Incisional hernia (IH) in children could result in life-threatening complications, including incarceration and bowel strangulation. The incidence and risk factors of IH in infants are scarcely reported. Since IH-correction may require extensive surgery and a long recovery program, identifying infants and birth defects at risk, may lead to a different approach during the primary surgery. Therefore, the aim of this review is to systematically review the available data on the incidence of IH following surgery for congenital anomalies in infants. All studies describing IH were considered eligible. PubMed and Embase were searched and risk of bias was assessed. Primary outcome was the incidence of IH, secondary outcomes were difference in IH occurrence between disease severity (complex vs simple) and closure method (SILO vs primary closure) in gastroschisis patients. A meta-analysis was performed to pool the reported incidences in total and per congenital anomaly separately. Subgroup analysis within gastroschisis articles was performed. The 50 included studies represent 3140 patients. The pooled proportion of IH was 0.03 (95% CI 0.02-0.05; I2 = 79%, p ≤ 0.01) all anomalies combined. Gastroschisis (GS) reported highest pooled proportion 0.10 (95% CI 0.06-0.17; n = 142/1273; I2 = 86%; p ≤ 0.01). SILO closure (OR 3.09) and simple gastroschisis, i.e. without additional anomalies, (OR 0.18) were of significant influence. This review reports the incidence of IH in infants with different congenital abdominal anomalies, of which gastroschisis reported the highest risk. In GS patients, complex GS and SILO closure are risk factors for IH development.

Introduction

Incisional hernia (IH) is a dreaded complication after abdominal surgery in children. It may result in serious life-threatening complications, including incarceration and bowel strangulation[1,2]. In addition, it is is a burden on the quality of life and may affect the development of the child[3,4]. The incidence and risk factors of IH in neonates are scarcely reported and therefore surgeons often refer to studies done in the adult population. For obvious reasons though, taking measures to prevent smoking and obesity in the infantile cohort would not aid in lowering IH rate[5]. The studies that do report IH in the paediatric population reported an incidence between 0.7 and 3.2%[6-9]. During the last decades major advancements have been made in the postnatal care of neonates with congenital anomalies. Those developments, such as extracorporeal membrane oxygenation (ECMO) and total parenteral nutrition, have increased survival of this crucial period[10]. Because more neonates survive, there has been an increase in abdominal paediatric surgery procedures[10,11]. As the total numbers of abdominal procedures rises, an increase in total accounts of IH is also to be expected.

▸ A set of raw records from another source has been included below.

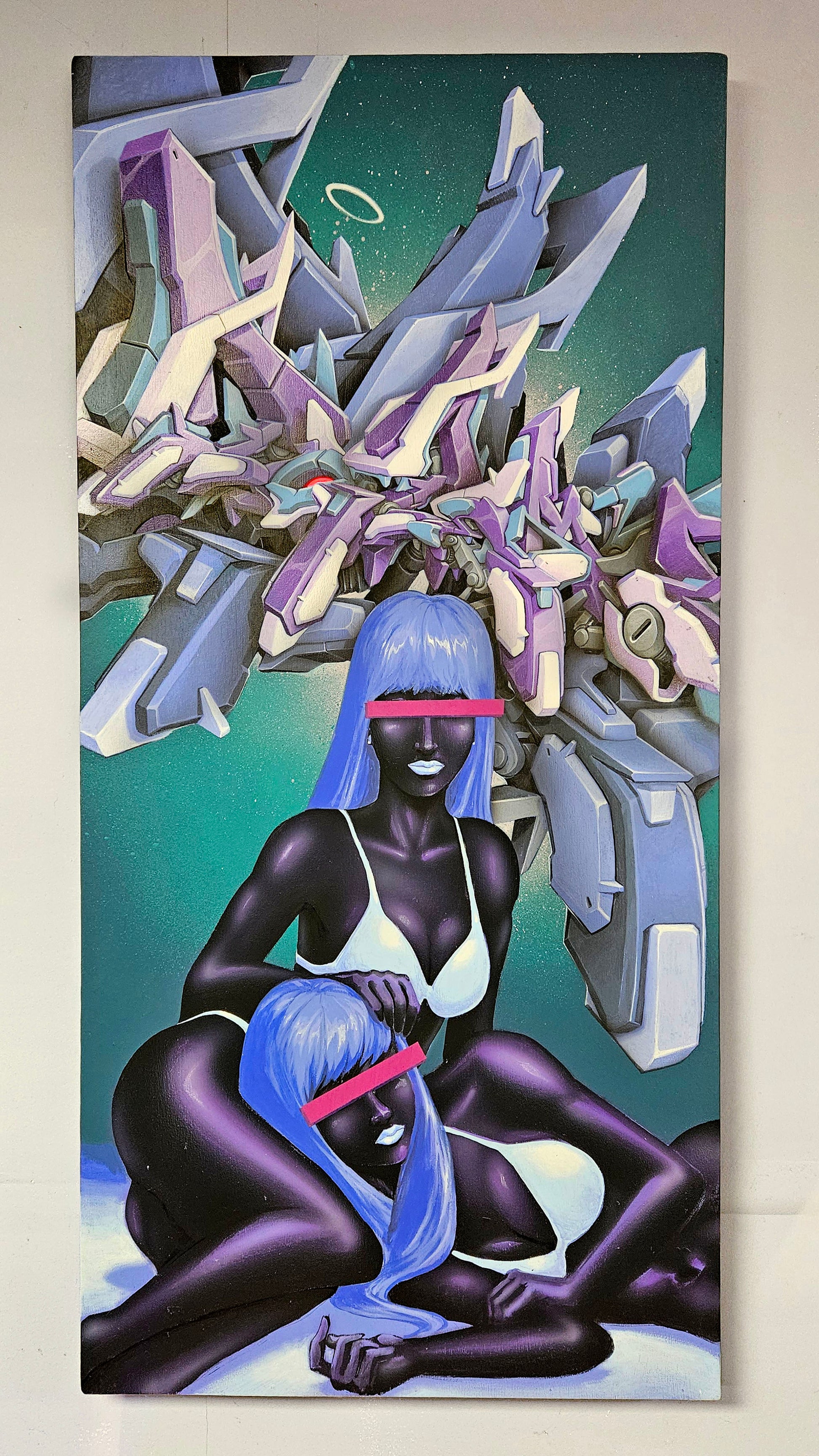 Painting is 2 ft wide x 4 ft tall and 2 inches wide Acrylic and Spraypaint on wood panel canvas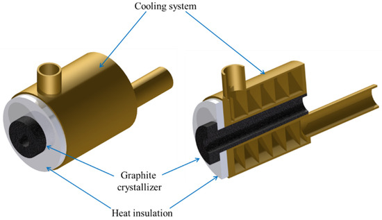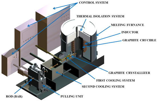 As part of the experimental study metallurgical synthesis of selected copper and magnesium alloys was conducted. It was established that the OF granulated copper (99.99% of Cu) and magnesium (99.9% of Mg) have been used in the metallurgical synthesis process. The melting and homogenizing process was conducted in graphite crucible of the melting and casting furnace (Figure 1) (Termetal, Piekary Śląskie, Poland) at 1250 °C and the crystallization occurred throughout the horizontal continuous casting process in the graphite crystallizer with a diameter of 14 mm with a constant primary cooling (Figure 2). The nominal power of the furnace is 20 kW and the frequency of the induction coil is 3 kHz. Because of the stable cooling conditions and unchanging temperature of the melted metal it was possible to determine the influence of the casting parameters on the selected properties of two-phase CuMg alloys. The alloys with 4.5% and 5% of wt.% of Mg casted with fixed standstill of 2 s and varied feed of 2 mm and 4 mm were evaluated. The continuous casting parameters along with the selected alloys’ compositions (at the top of the table) and the actual measured chemical compositions (at the bottom of the table) and measured density are presented in Table 1.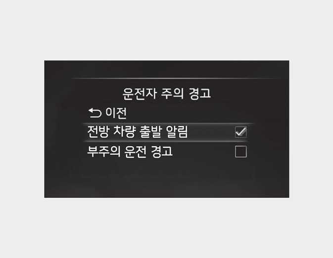 ‘전방 차량 출발 알림’을 선택하면 정차 중에 전방 차량이 출발할 경우 운전자에게 알려줍니다.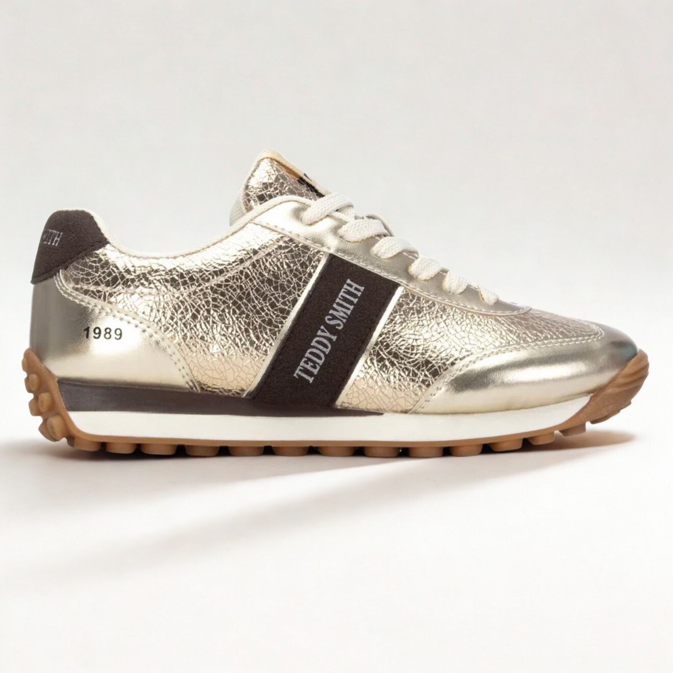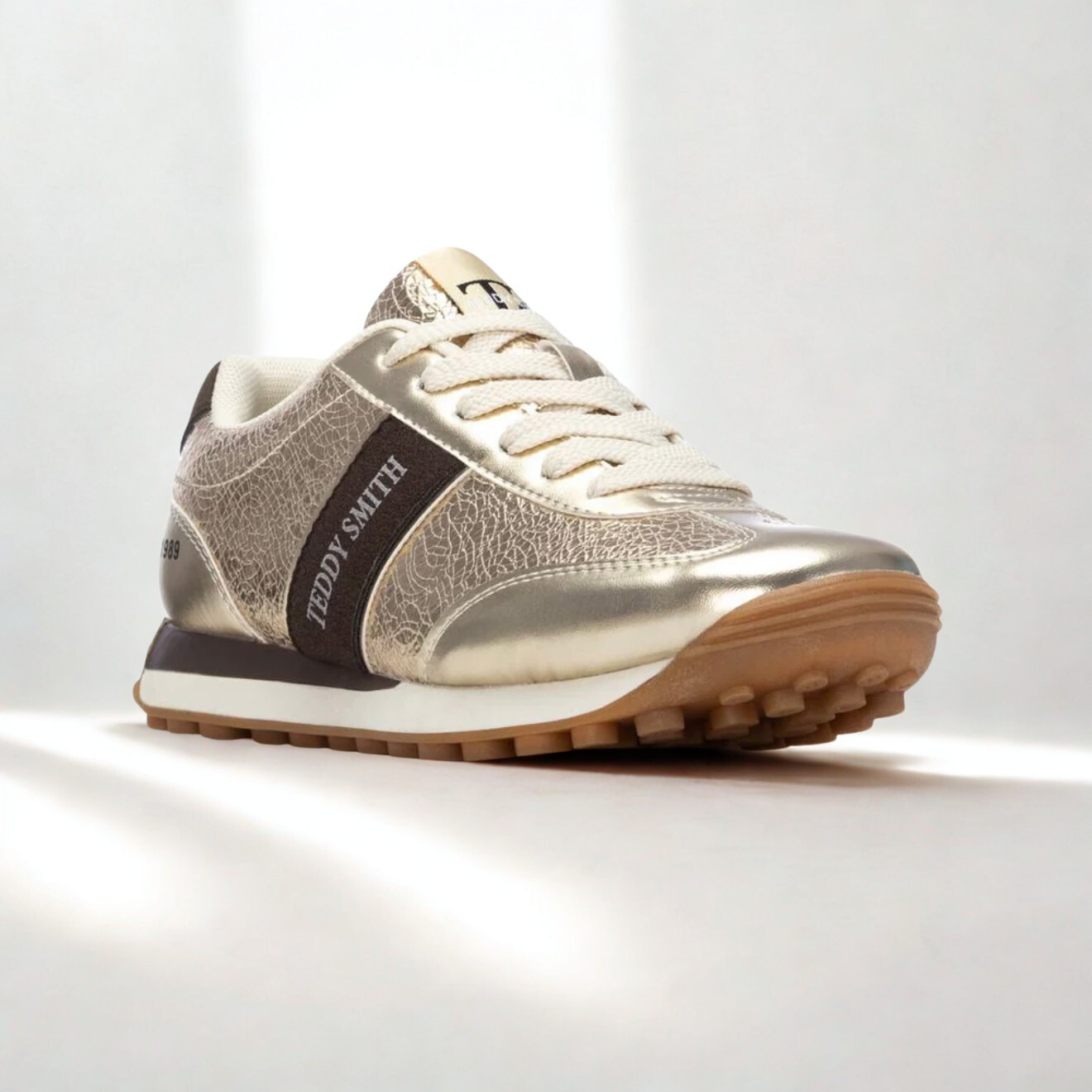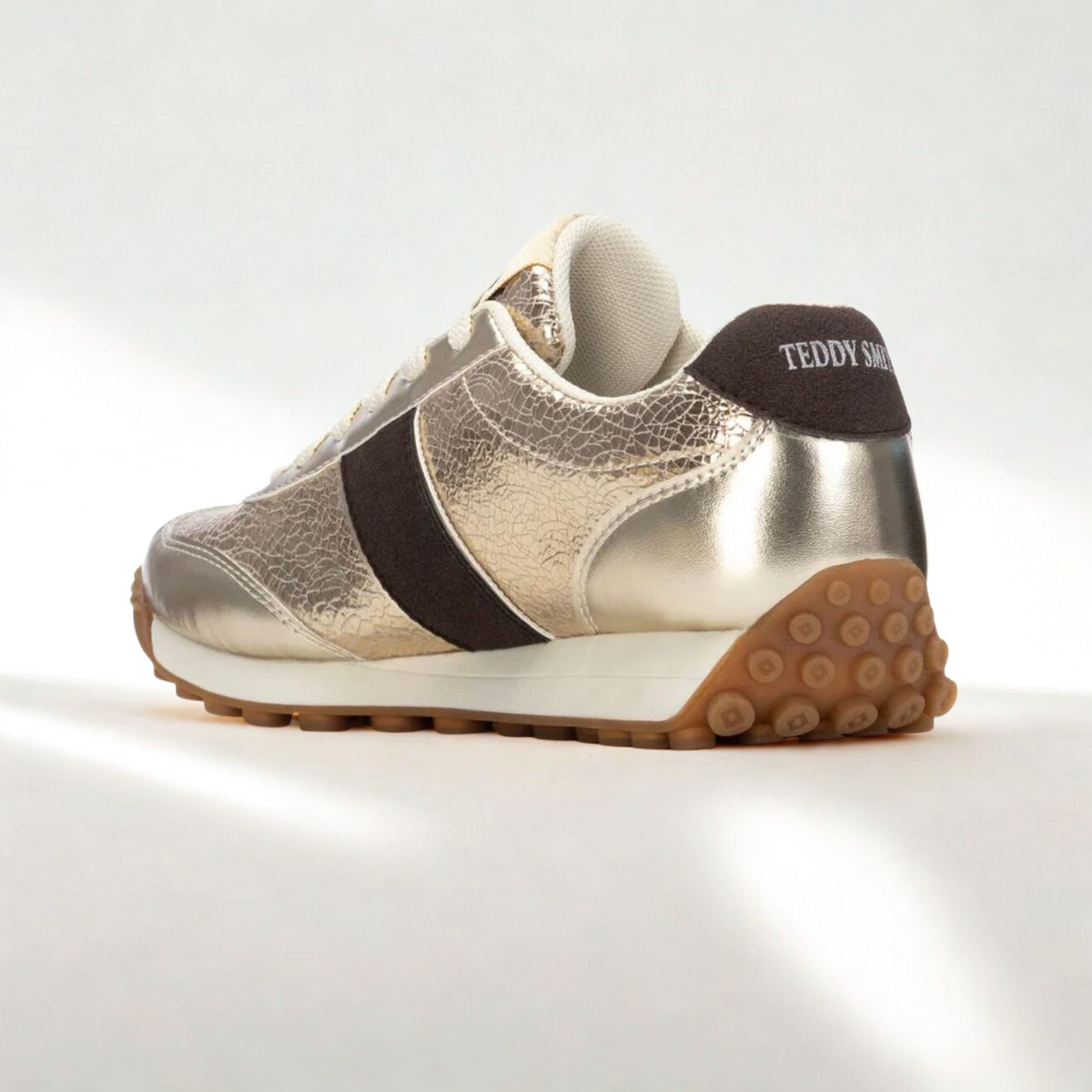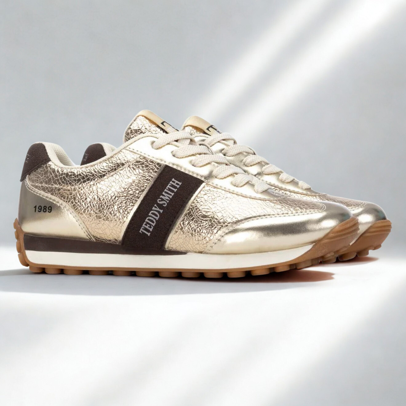 Zapatillas de Teddy Smith fabricadas en polipiel color dorado combinado con chocolate. Cierre mediante cordones ajustable. Diseño retro. Perfectas para looks casual y moderno, pensadas para resistir el uso diario con estilo y comodidad. Vesátiles que unen confort, durabilidad y elegancia.

IH correction may require extensive surgery and a long recovery program. Identifying infants and birth defects at risk, may lead to a different approach during the primary surgery. Therefore, the aim of this review is to estimate the incidence of incisional hernia following surgery for congenital anomalies in infants (less than 2 years of age) with a systematic review.

Methods

Studies were selected according to the criteria outlined below based on the PRISMA Guidelines[12]. Our protocol has been registered with the International Prospective Register of Systematic Reviews (PROSPERO) on 7 March 2019 (registration number: CRD42019119268).

Participants

All studies reporting on IH after surgical correction of abdominal congenital anomalies in infants were considered for this review. Studies reporting on other complications, animal studies, in vitro studies, non-English, conference abstracts and studies with less than ten cases were excluded.

Search strategy

The electronic databases of the National Institutes of Health PubMed and EMBASE were systematically searched in February 2020 using both simple search terms as well as hierarchical family forms (e.g. MESH). The clinical data expert (RV) aided in the formation of the search strategy. The search combined four groups of search terms and their equivalents: (1) terms related to the age at the moment of surgery (e.g. neonate); (2) terms related to the location of surgery (e.g. abdominal surgery); (3) terms related to congenital abdominal defects (e.g. omphalocele); (4) terms related to incisional hernia (e.g. cicatricial hernia). Mesh and search terms used in PubMed are included in Appendix 1.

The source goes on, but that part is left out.